PBM (Portable Bitmap) is the monochrome (black and white, 1-bit) member of the Netpbm family of image formats, created by Jef Poskanzer in 1988 as part of the Pbmplus toolkit for Unix systems. The format exists in two variants: ASCII (magic number P1), where each pixel is represented as a text character '0' (white) or '1' (black) separated by whitespace, and binary (magic number P4), where pixels are packed eight per byte for compact storage. Both variants begin with a plain-text header specifying the magic number, image width and height, and optional comments. PBM was designed as the simplest possible image format — a bridge format for converting between the many incompatible raster formats that proliferated across different Unix systems and applications during the 1980s. The Netpbm philosophy was to convert any source format to PBM/PGM/PPM as an intermediate step, then convert to the target format, using the portable formats as a universal exchange layer. One advantage is extreme simplicity — the ASCII variant can be literally typed by hand in a text editor, and both variants are trivial to parse and generate in any programming language without external libraries. The format's role as a universal image processing intermediate is another strength: hundreds of Netpbm command-line tools accept PBM input, enabling complex image manipulation pipelines through Unix pipes. PBM remains used in computer science education, OCR preprocessing, and any context where a dead-simple monochrome image representation is needed.
Developer: Jef Poskanzer
Initial release: 1988
HDR (also known as RGBE or Radiance HDR) is a high-dynamic-range image format created by Greg Ward Larson as part of the Radiance) lighting simulation system, developed at Lawrence Berkeley National Laboratory starting in 1985 with the HDR format emerging around 1989. The format stores floating-point RGB pixel values using a compact 32-bit-per-pixel encoding called RGBE (Red, Green, Blue, Exponent): three 8-bit mantissa bytes share a single 8-bit exponent, representing luminance values across a range of roughly 76 orders of magnitude while keeping file sizes comparable to standard 24-bit images. HDR files begin with a text header containing rendering and exposure metadata, followed by the RGBE pixel data compressed with a scanline-oriented run-length encoding scheme. The format captures the full luminance range of real-world scenes — from deep shadows to direct sunlight — enabling physically accurate lighting calculations, tone mapping to different display conditions, and post-capture exposure adjustment without the clipping artifacts inherent in 8-bit formats. One advantage is the format's foundational role in HDR imaging: Radiance HDR pioneered the concept of storing real-world luminance values in image files, and the .hdr format became the standard for light probe images and environment maps used in image-based lighting across the 3D rendering industry. The format's compact encoding is another practical strength — the RGBE scheme provides far more dynamic range than 8-bit formats while using only 33% more storage per pixel, a favorable tradeoff that made HDR practical on storage-limited systems of the late 1980s. HDR files are supported by Photoshop, GIMP, ImageMagick, Blender, and all major 3D renderers.
Developer: Greg Ward Larson
Initial release: 1989

Frequently Asked Questions

Why convert PBM to HDR?

Moving to HDR enables high dynamic range lighting — better suited for web publishing, printing, or sharing across platforms.

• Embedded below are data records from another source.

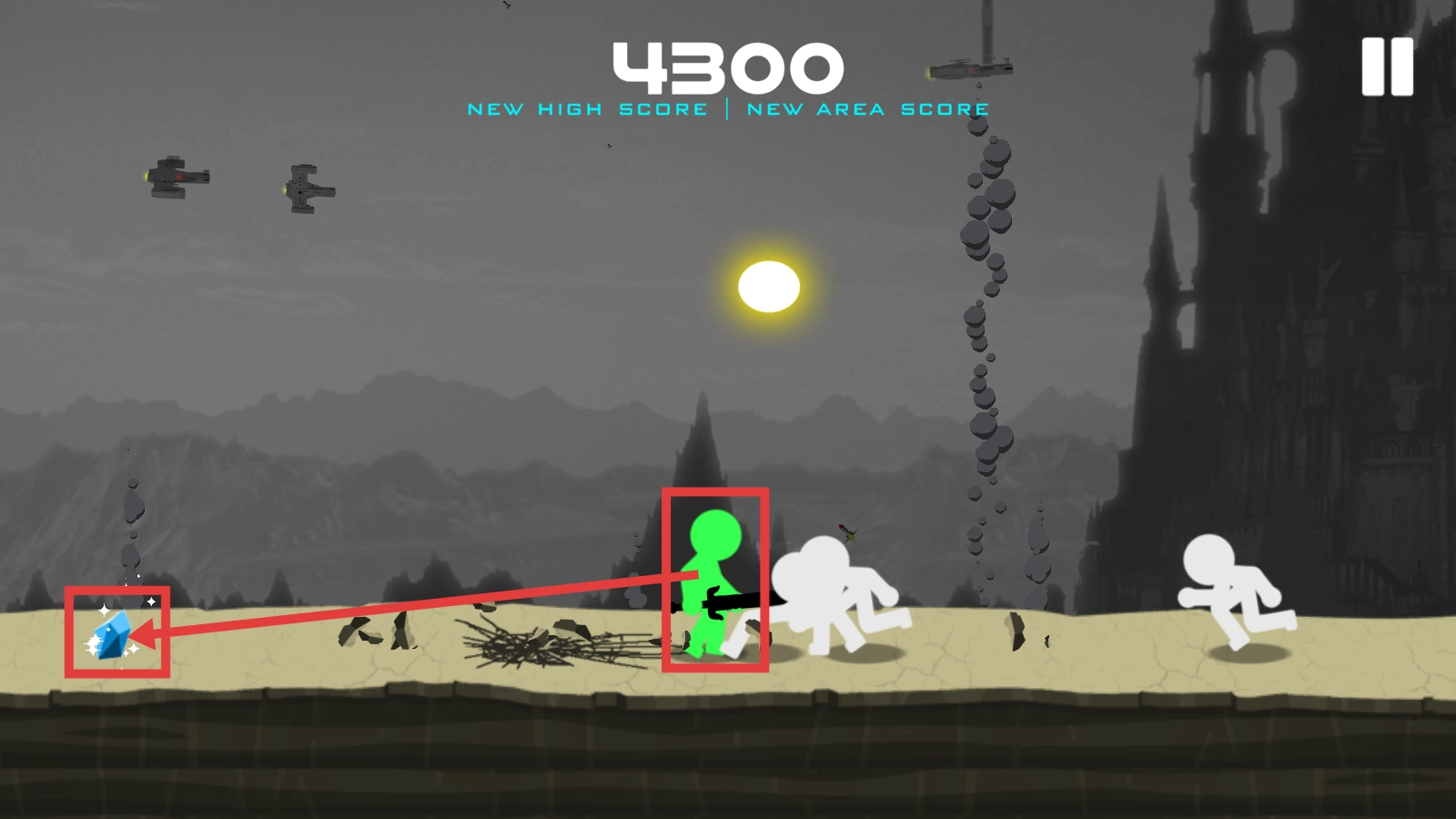 在探索过程中收集蓝色钻石,操控绿色角色战胜敌人,分数已提升到【4300】,继续积累更高分数。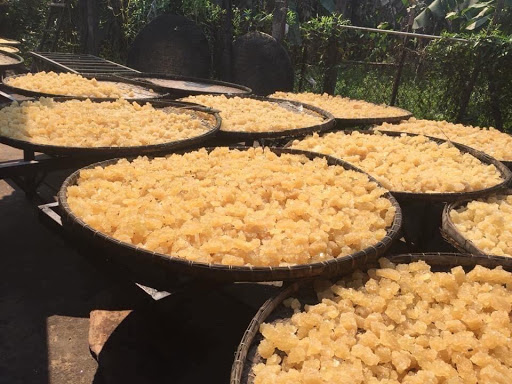 Đường phèn Quảng Ngãi là đường tinh được kết tinh vào sợi chỉ dạng long lanh như thủy tinh. Đường phèn được làm từ đường mía hoặc đường trắng tinh luyên nhà máy kết hợp với nước củ cải đường, lúa miếng ngọt… Cách kết hợp và tỉ lệ tùy thuộc vào kinh nghiệm của nghệ nhân nấu đường. 50k/hũ 500gram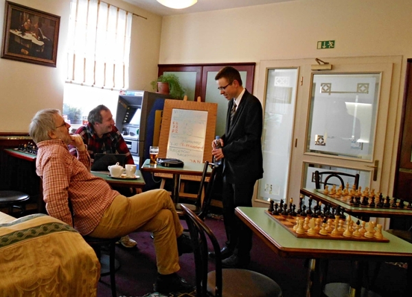 U pozdního obědu „Šimi“ analyzuje partii a mezi sousty hledá výhru, kterou se mu ovšem najít moc nedaří ... No byla to zapeklitá pozice …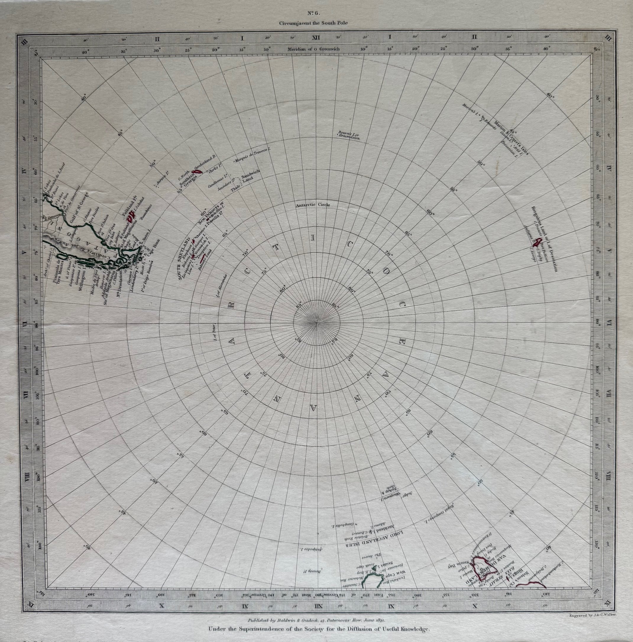 Circumjacent the South Pole Map No. 6, Published by Baldwin & Gradock, [London] under the Superintendence of the Society for the Diffusion of Useful Knowledge, June 1831. Engraved by J. & C. Walker. 16 x 13 inches. One sheet.

What programs open HDR files?

For HDR files, try Photoshop, GIMP, Luminance HDR, Blender. Cross-platform support means you can view them on any operating system.

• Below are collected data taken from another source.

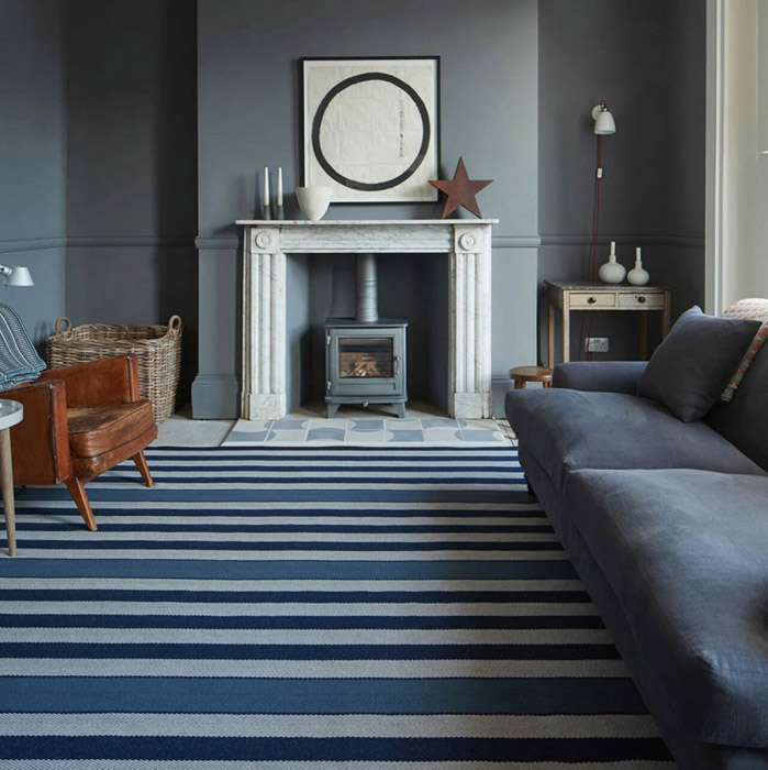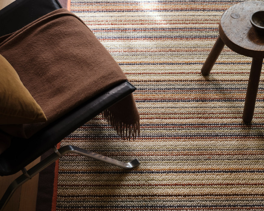Margo Selby’s range for Alternative Flooring includes Shuttle Silas, a graphic motif that she likes to use on stairs. “What is interesting is that when you look at a small swatch in a carpet shop, it can look too noisy, but when it is installed, the print spreads out.” Instead, it dissipates.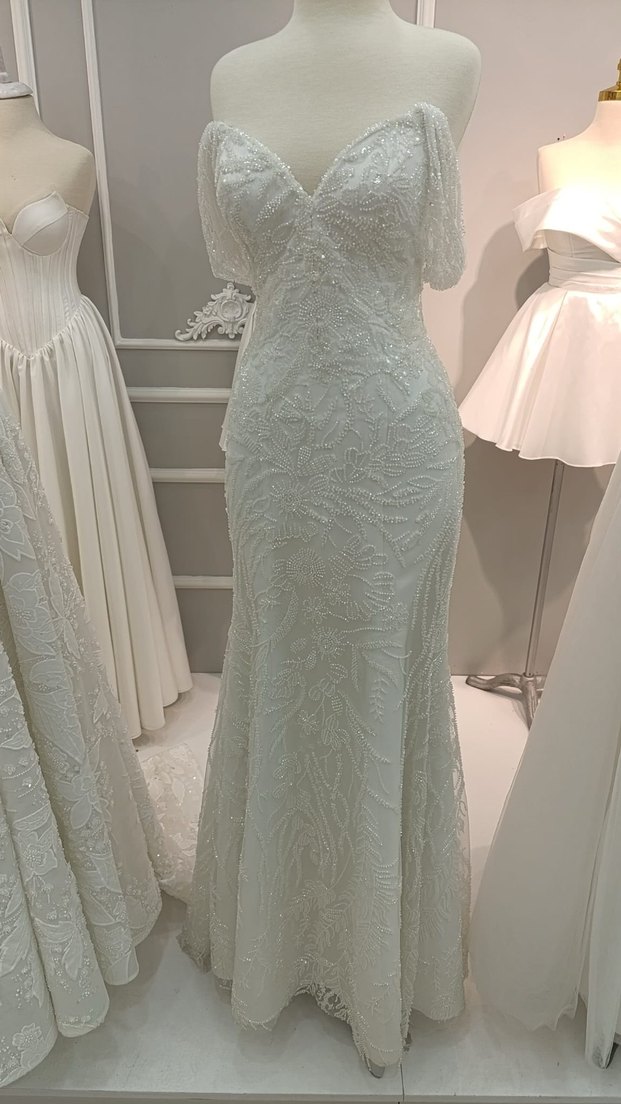 Straplez, uzun balık gelinlik, detaylı boncuk işlemeleriyle modern klasik tarzda. Kolsuz ve regular fit, bej ve gri tonlarında, gösterişli bir şıklık sunar.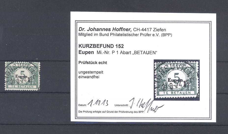 Deutsche Abstimmungsgebiete Eupen Michel Nummer P 1 mit dem Plattenfehler 1 gestempelt mit tollem Stempel. Es lieg ein Kurzbefund BPP vor, der Michel beträgt nur -,-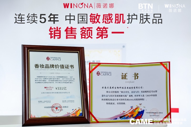 今年8月,经权威机构沙利文认证,薇诺娜已连续五年(2020-2024)在中国敏感肌护肤品销售额第一,这不仅体现了消费者的高度认可,也印证了品牌经历多年深耕积累的专业壁垒。此次大会中,贝泰妮集团在可持续发展及品牌价值建设领域再获加冕,斩获三项权威认证:贝泰妮集团荣获「2025中国香料香精化妆品行业可持续发展(ESG)实践案例集」证书,薇诺娜荣获2024年度「香妆品牌价值证书」,并入选“2025化妆品品牌50强”。
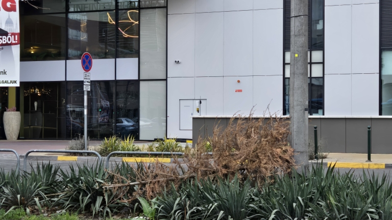 Elszáradt kidobott karácsonyfa hever egy bokron. A Soroksári út Haller utcai villamosmegállójánál.

Is the conversion process secure?

All files are handled securely. PBM uploads are purged after processing, and resulting HDR files expire within 24 hours.

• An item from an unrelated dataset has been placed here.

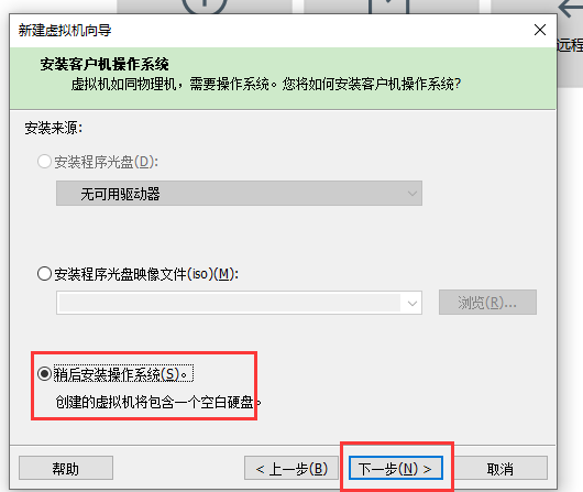 2.选择稍后安装操作系统点击下一步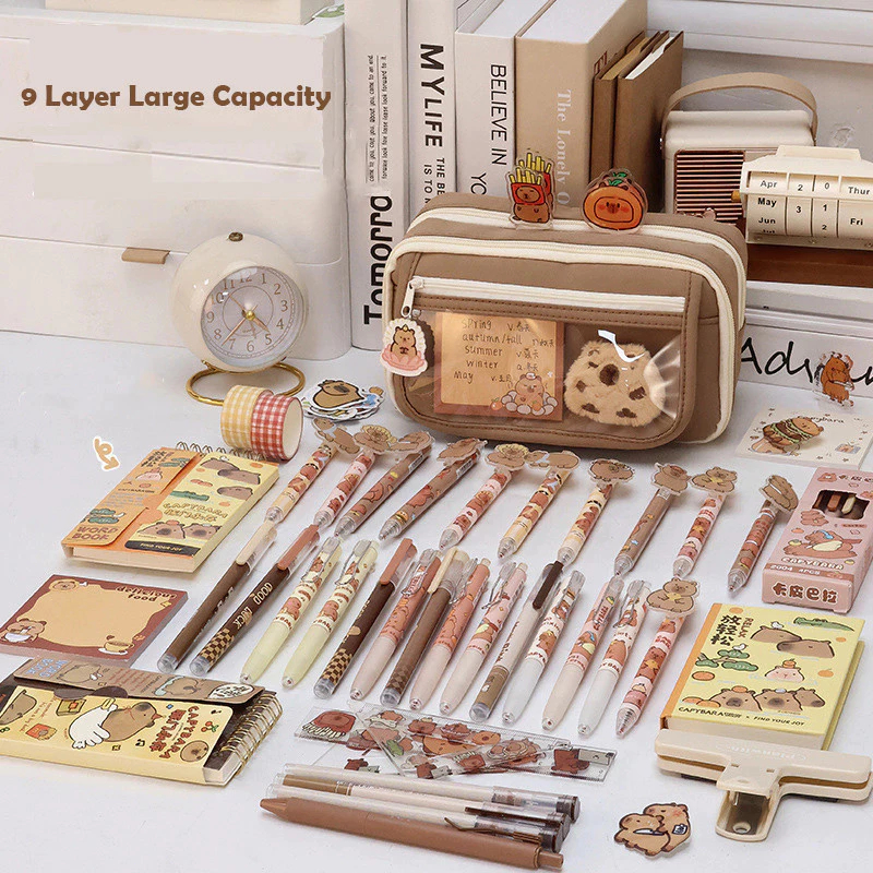 Capybara Tempat alat tulis kotak pensil aesthetic Tas PenaTempat Pencil Tas Pensil kapasitas besar

What if my PBM file is corrupted?

The converter validates your file on upload. If the PBM data is unreadable or corrupt, you will get an error before processing begins.

Will I lose image quality converting PBM to HDR?

Quality stays intact during conversion. The output HDR file faithfully represents what was stored in the original PBM image.

Can I convert multiple PBM files to HDR at once?

Yes — upload several PBM files simultaneously and convert them all to HDR in a single batch operation.